After communication with the official technical staff of TiDB, we deleted similar indexes and analyze table, and found that the problem still exists. In Figure 2, you can see the difference in the execution results of exactly the same SQL statement. Finally, according to the official suggestion, we added use Index to force it to remove the index, and the execution time changed from 4 minutes to < 1s, which temporarily solved the business requirement.
At the same time, TiDB technical staff also collected relevant information and gave feedback to the r&d staff. In the whole process of dealing with the problem, the technical staff of TiDB gave a high degree of cooperation and timely feedback, and also showed a strong professional, which greatly reduced the troubleshooting time. We are very grateful.
Four, outlook
At present, we have built two TiDB clusters with dozens of physical nodes and ten billion characteristic data. Benefiting from the high availability framework of TiDB, we have been running stably since the launch.
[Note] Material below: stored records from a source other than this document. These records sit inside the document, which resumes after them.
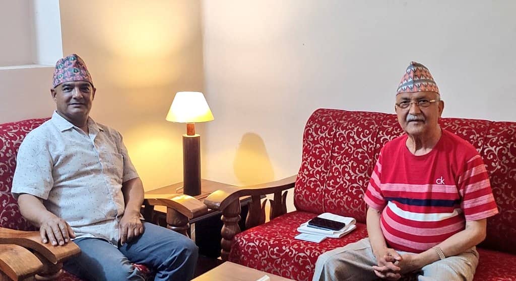 काठमाडौं । नेकपा एमालेका अध्यक्ष केपी शर्मा ओली र राप्रपाका महामन्त्री धवल शम्मशेर राणाबीच भेट भएको छ । नेपालगञ्जको स्नेहा होटलमा बिहीबार राति दुई नेताबीच समसामयिक राजनीतिक घटनाक्रमबारे कुराकानी भएको हो । अध्यक्ष ओली र महामन्त्री राणाबीच समसामयिक राजनीतिक...
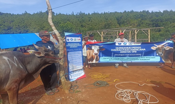 Sehari sebelumnya, Minggu (8/6) ARM HA-IPB juga telah menyerahkan seekor sapi kurban untuk para penyintas banjir dan longsor di Kampung Cipendawa, Desa Cileuksa, Kecamatan Sukajaya, Kabupaten Bogor, Jawa Barat.
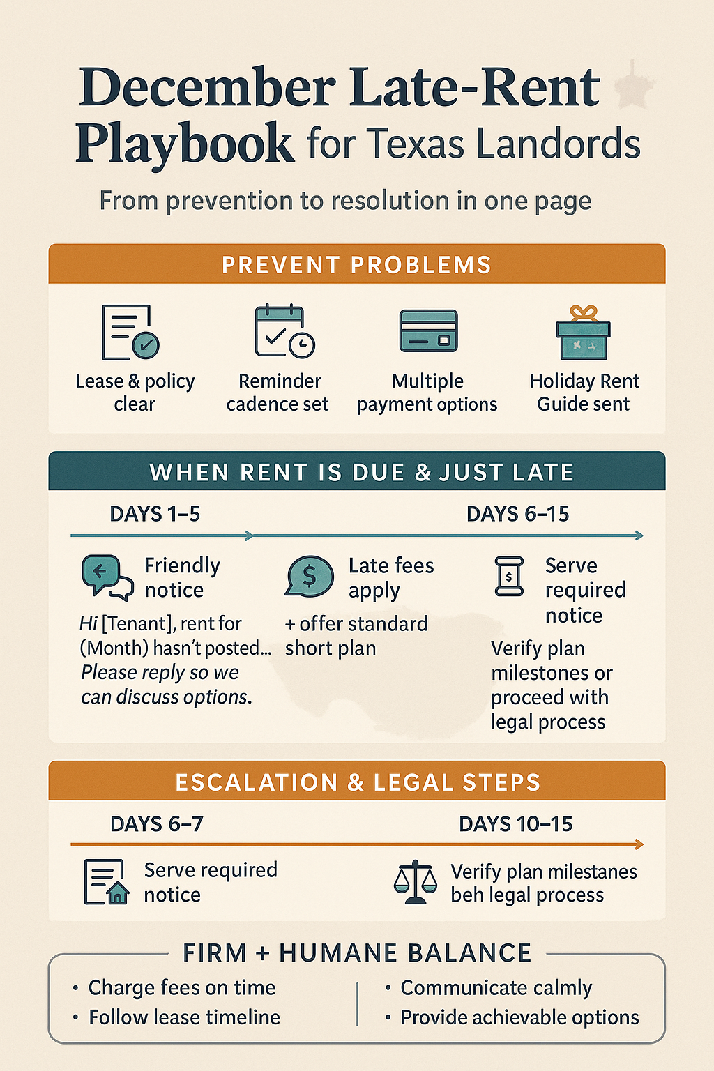 “Hi [Name], rent for [Month] hasn’t posted. Holidays and bank closures can cause delays. When can you pay? If you’ll be past [date], we can discuss a short plan. I can email the options.”
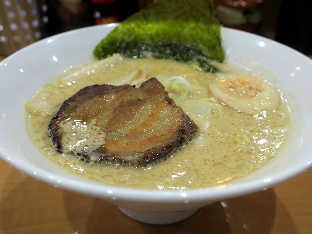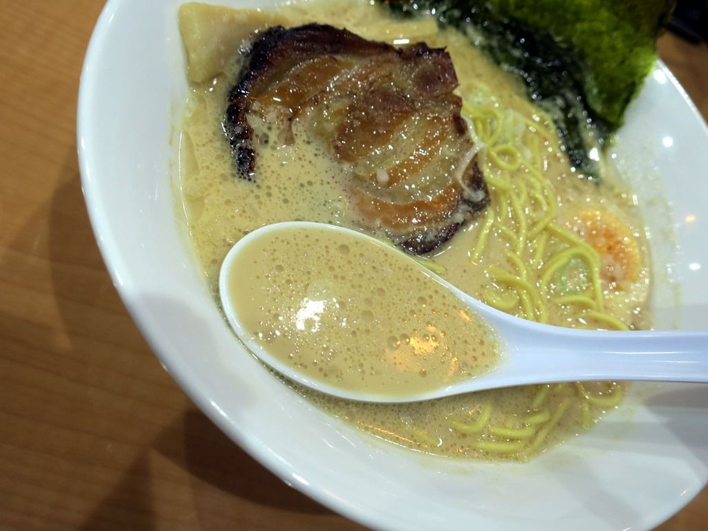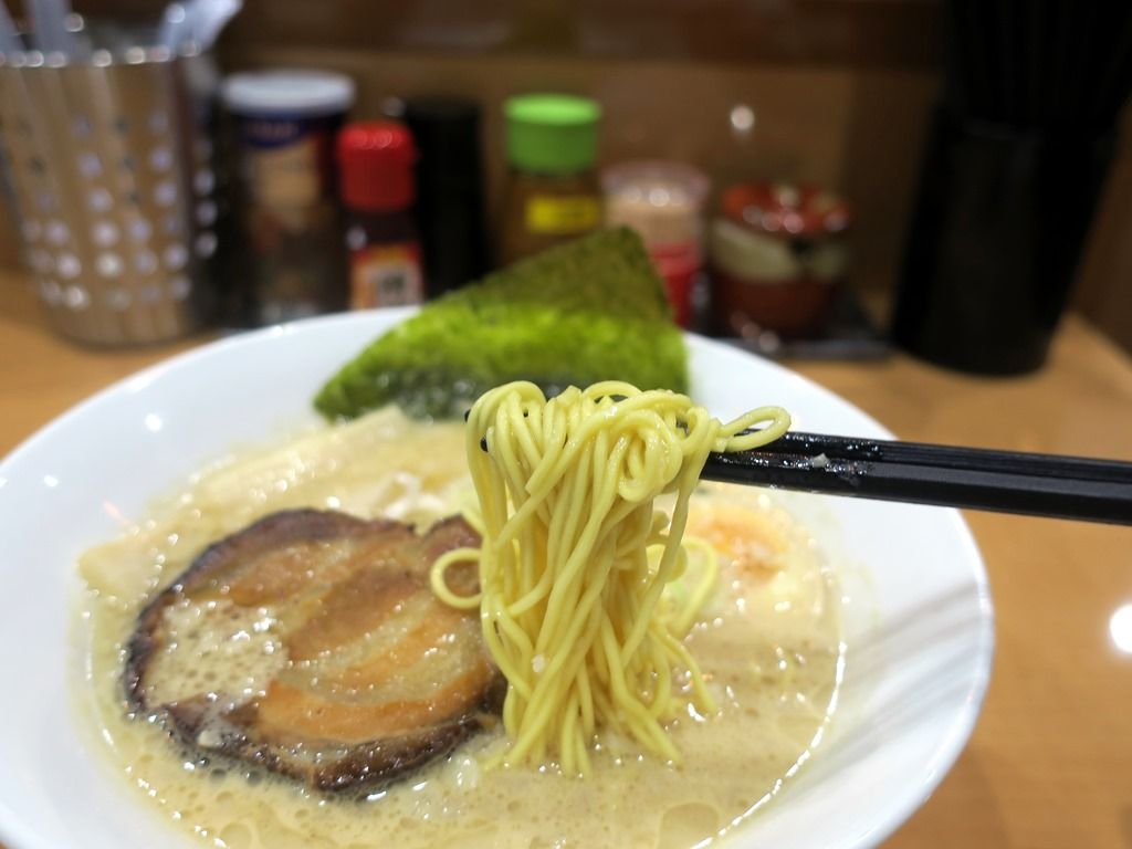 スープは、ライトな豚骨に細かい背脂がビッシリ。スープ自体軽めですが、背脂が多くてちょっとオイリー。辛味かカエシ追加でバランスを取りたいところ。ただ化調は感じられず食後に喉が渇くこともなく、その点は良かったかと。
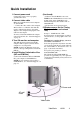 Quick Installation 1 Connect power cord Connect the power cord to a properly grounded AC outlet. 2 Connect video cable Make sure both the monitor and computer are turned OFF. • Connect the video cable to the computer. Macintosh® users: Models older than G3 require a Macintosh adapter. Attach the adapter to the computer and plug the video cable into the adapter. To order a ViewSonic® Macintosh adapter, contact ViewSonic. See “Customer Support” on page 13.
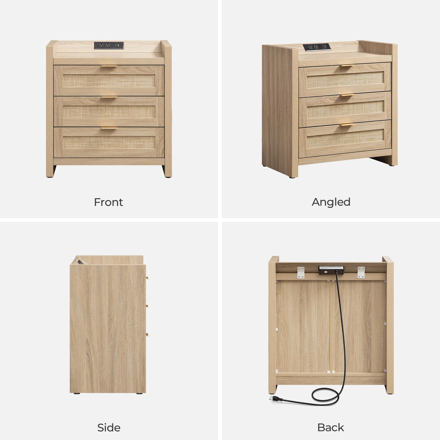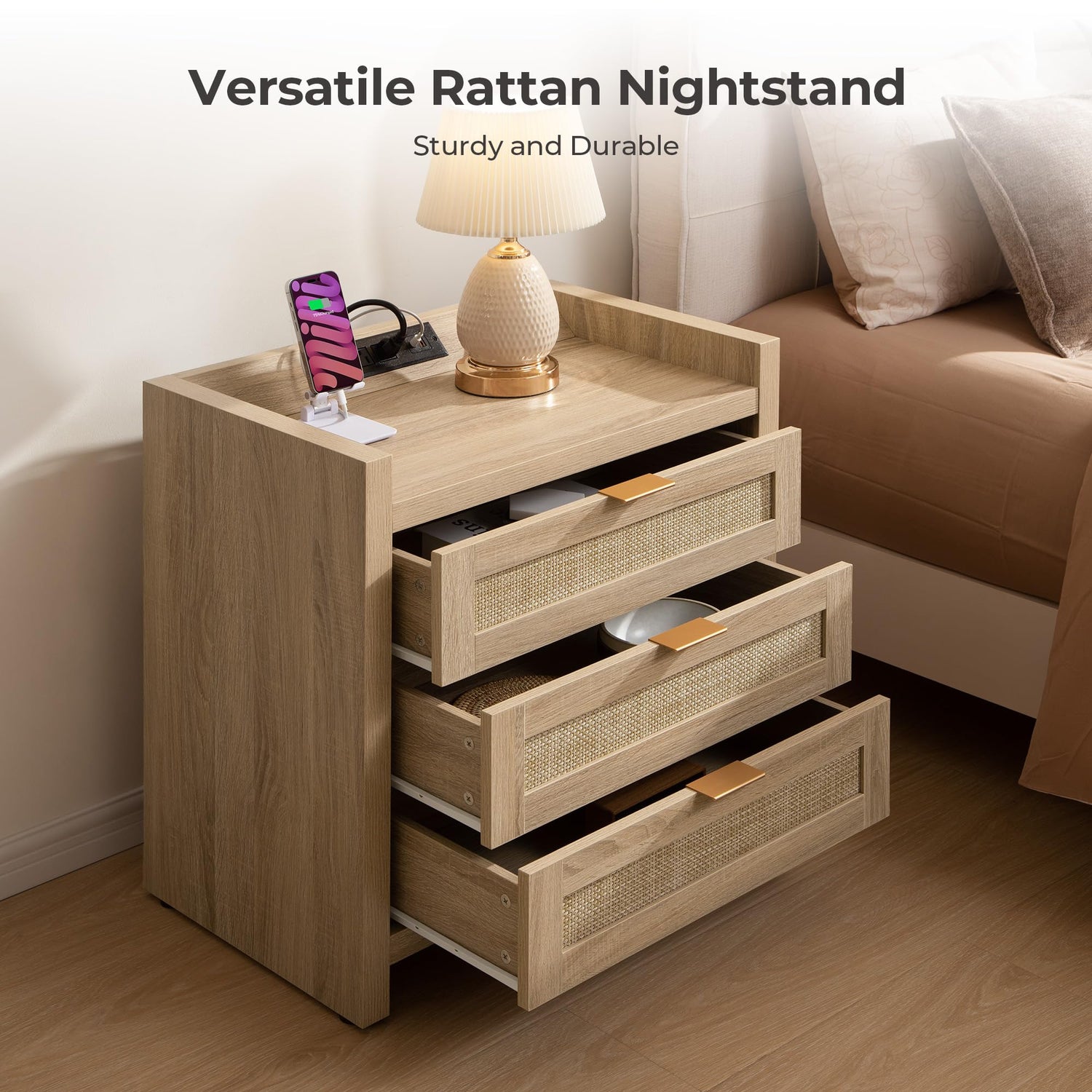SICOTAS Rattan Nightstands Set of 2 Bedside Table - Larger Night Stand with Type-C Charging Station, 3 Drawers Storage - Boho Night Stands End Table for Bedroom - Light Oak
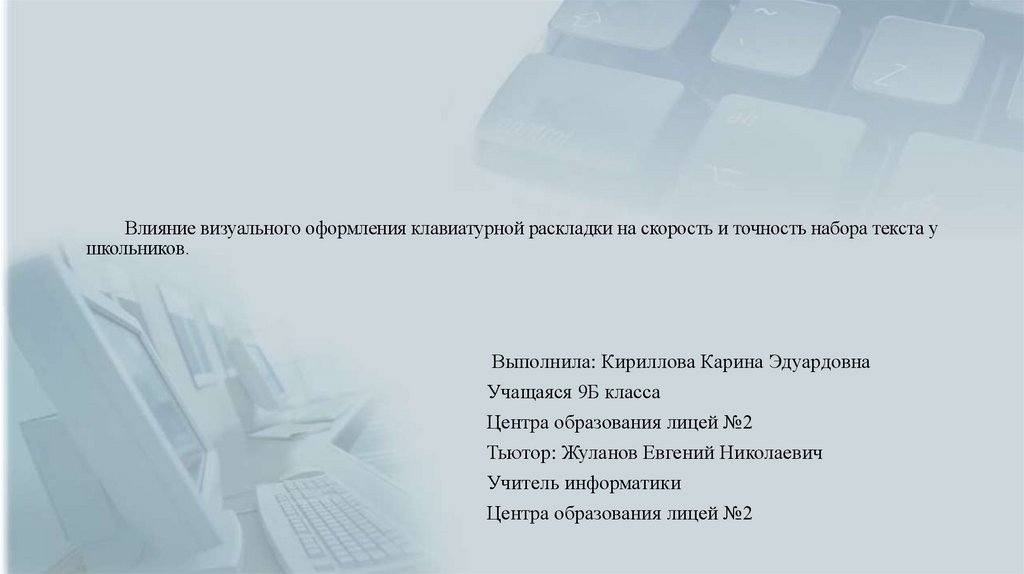 Влияние визуального оформления клавиатурной раскладки на скорость и точность набора текста ушкольников.
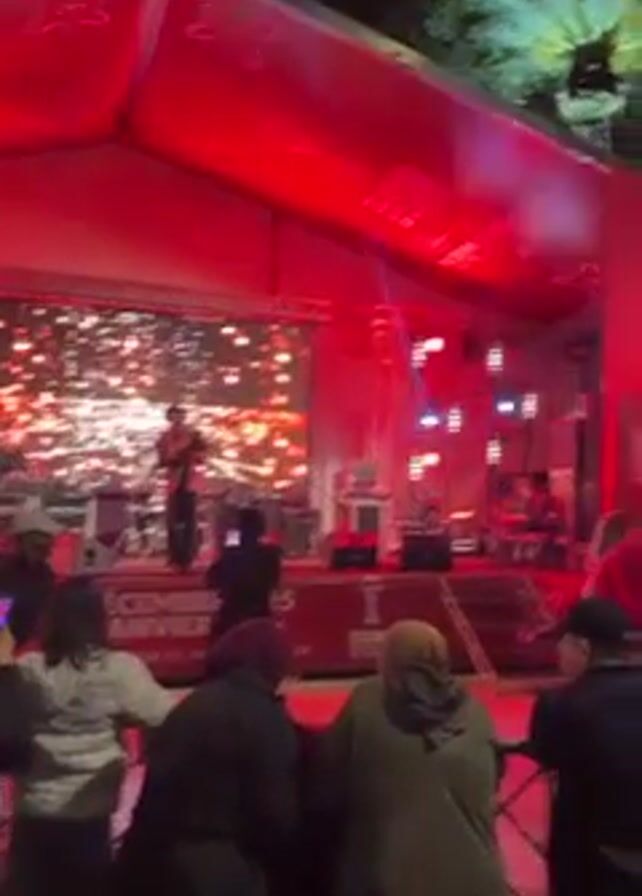 A man in a black suit is performing on a stage under a large red tent roof. A large screen behind him displays an abstract pattern of lights. A framed portrait and a flag stand to his left. Several people are standing in the foreground, watching and recording the performance on their phones. There are palm trees in the background and stage lights illuminating the performance area. Text on the tent roof and stage appears to advertise a December-January event.
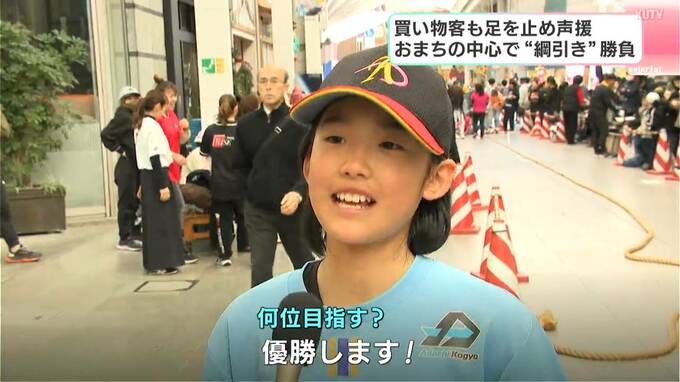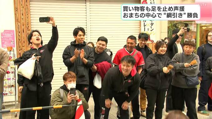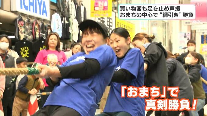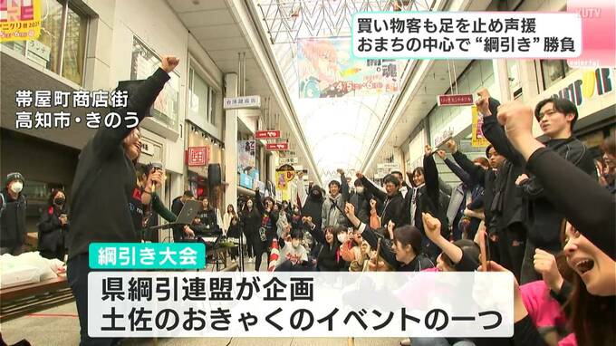 9日に高知市の帯屋町商店街で綱引き大会が開かれました。優勝をかけ、「おまち」の中心で真剣勝負!買い物客が思わず足を止める熱戦が繰り広げられました。

As mentioned above, the application of TiDB in our risk control business is just beginning, and the migration of some businesses is yet to be further verified. However, the benefits TiDB brings to us are self-evident, and it opens a new horizon for us in data storage and data analysis. In the future, we will continue to increase investment in TiDB to make it better serve various scenarios such as online and offline analytics. We also hope to further increase the communication and cooperation with PingCAP team, carry out more in-depth application and research, and contribute to the development of TiDB.